Problem to work on: Each line below must be reproduced exactly as it stands. Pictures stay out of the copy.

Data shown:
····················
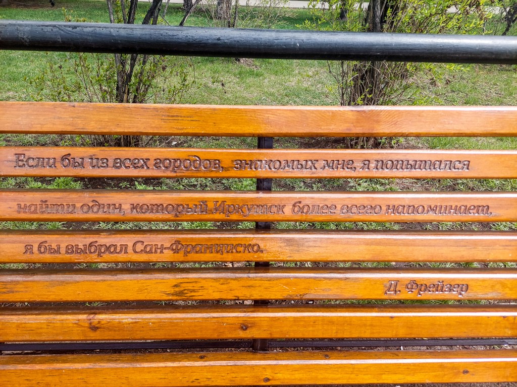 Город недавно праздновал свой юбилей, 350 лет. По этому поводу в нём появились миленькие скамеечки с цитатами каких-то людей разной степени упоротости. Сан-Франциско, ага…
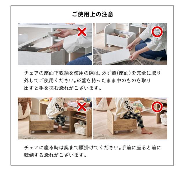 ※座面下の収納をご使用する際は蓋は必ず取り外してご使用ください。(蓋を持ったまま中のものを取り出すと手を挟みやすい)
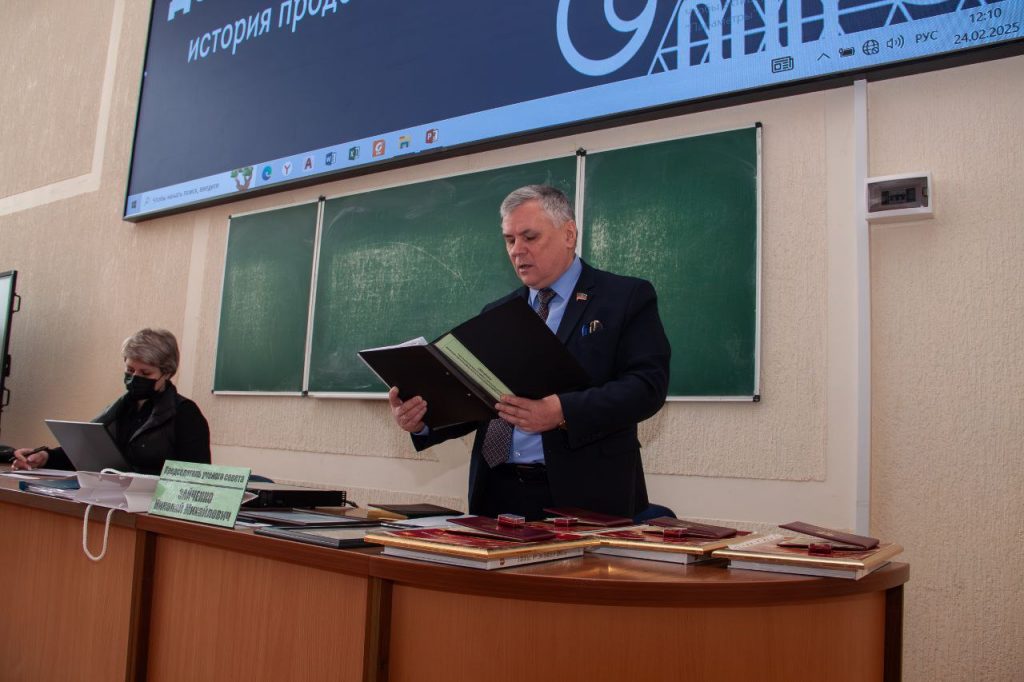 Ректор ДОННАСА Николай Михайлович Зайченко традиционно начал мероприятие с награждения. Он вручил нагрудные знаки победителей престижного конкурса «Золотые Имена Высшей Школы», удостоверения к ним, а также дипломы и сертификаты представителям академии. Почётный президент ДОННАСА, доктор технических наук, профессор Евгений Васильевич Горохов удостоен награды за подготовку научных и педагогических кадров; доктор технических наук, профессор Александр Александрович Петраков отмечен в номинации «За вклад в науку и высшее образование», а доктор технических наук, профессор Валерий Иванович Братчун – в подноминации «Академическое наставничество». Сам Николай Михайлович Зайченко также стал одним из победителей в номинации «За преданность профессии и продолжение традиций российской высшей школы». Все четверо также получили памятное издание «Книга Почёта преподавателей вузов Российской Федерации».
····················
Response area:
 Город недавно праздновал свой юбилей, 350 лет. По этому поводу в нём появились миленькие скамеечки с цитатами каких-то людей разной степени упоротости. Сан-Франциско, ага…
 ※座面下の収納をご使用する際は蓋は必ず取り外してご使用ください。(蓋を持ったまま中のものを取り出すと手を挟みやすい)
 Ректор ДОННАСА Николай Михайлович Зайченко традиционно начал мероприятие с награждения. Он вручил нагрудные знаки победителей престижного конкурса «Золотые Имена Высшей Школы», удостоверения к ним, а также дипломы и сертификаты представителям академии. Почётный президент ДОННАСА, доктор технических наук, профессор Евгений Васильевич Горохов удостоен награды за подготовку научных и педагогических кадров; доктор технических наук, профессор Александр Александрович Петраков отмечен в номинации «За вклад в науку и высшее образование», а доктор технических наук, профессор Валерий Иванович Братчун – в подноминации «Академическое наставничество». Сам Николай Михайлович Зайченко также стал одним из победителей в номинации «За преданность профессии и продолжение традиций российской высшей школы». Все четверо также получили памятное издание «Книга Почёта преподавателей вузов Российской Федерации».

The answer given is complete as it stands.